Task directions –
Exact reproduction is required for the lines below starting at the line with "THRESHOLD値を下回る" and ending at the line with "Plus Size Women's", both included. No other lines, and no pictures.

Study material –
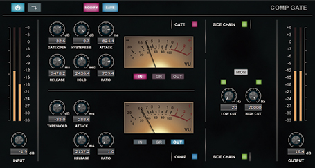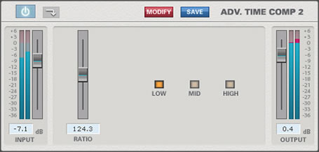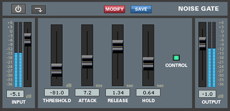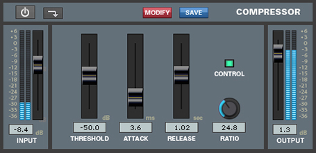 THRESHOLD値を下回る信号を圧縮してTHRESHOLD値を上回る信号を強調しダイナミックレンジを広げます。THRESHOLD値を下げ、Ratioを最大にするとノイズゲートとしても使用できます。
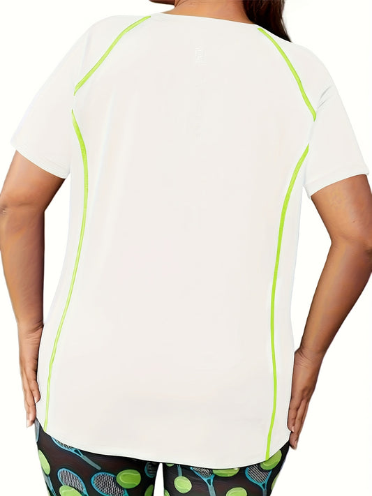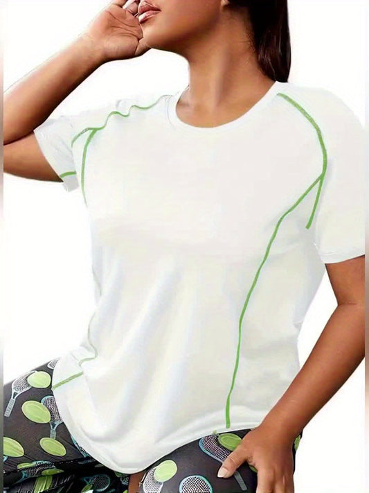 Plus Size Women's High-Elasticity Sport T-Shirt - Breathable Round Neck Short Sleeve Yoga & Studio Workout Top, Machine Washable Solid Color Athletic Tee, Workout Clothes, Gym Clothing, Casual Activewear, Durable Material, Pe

==

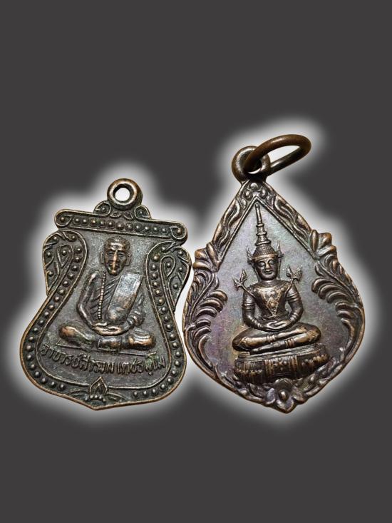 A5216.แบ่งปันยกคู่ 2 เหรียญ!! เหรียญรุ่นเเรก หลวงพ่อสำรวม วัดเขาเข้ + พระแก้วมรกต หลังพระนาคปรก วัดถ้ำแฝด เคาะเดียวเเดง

---

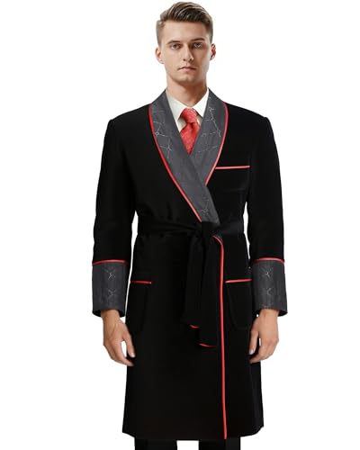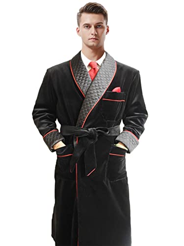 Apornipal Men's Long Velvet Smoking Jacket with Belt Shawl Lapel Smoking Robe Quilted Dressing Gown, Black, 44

Exercise answer –
 THRESHOLD値を下回る信号を圧縮してTHRESHOLD値を上回る信号を強調しダイナミックレンジを広げます。THRESHOLD値を下げ、Ratioを最大にするとノイズゲートとしても使用できます。
 Plus Size Women's High-Elasticity Sport T-Shirt - Breathable Round Neck Short Sleeve Yoga & Studio Workout Top, Machine Washable Solid Color Athletic Tee, Workout Clothes, Gym Clothing, Casual Activewear, Durable Material, Pe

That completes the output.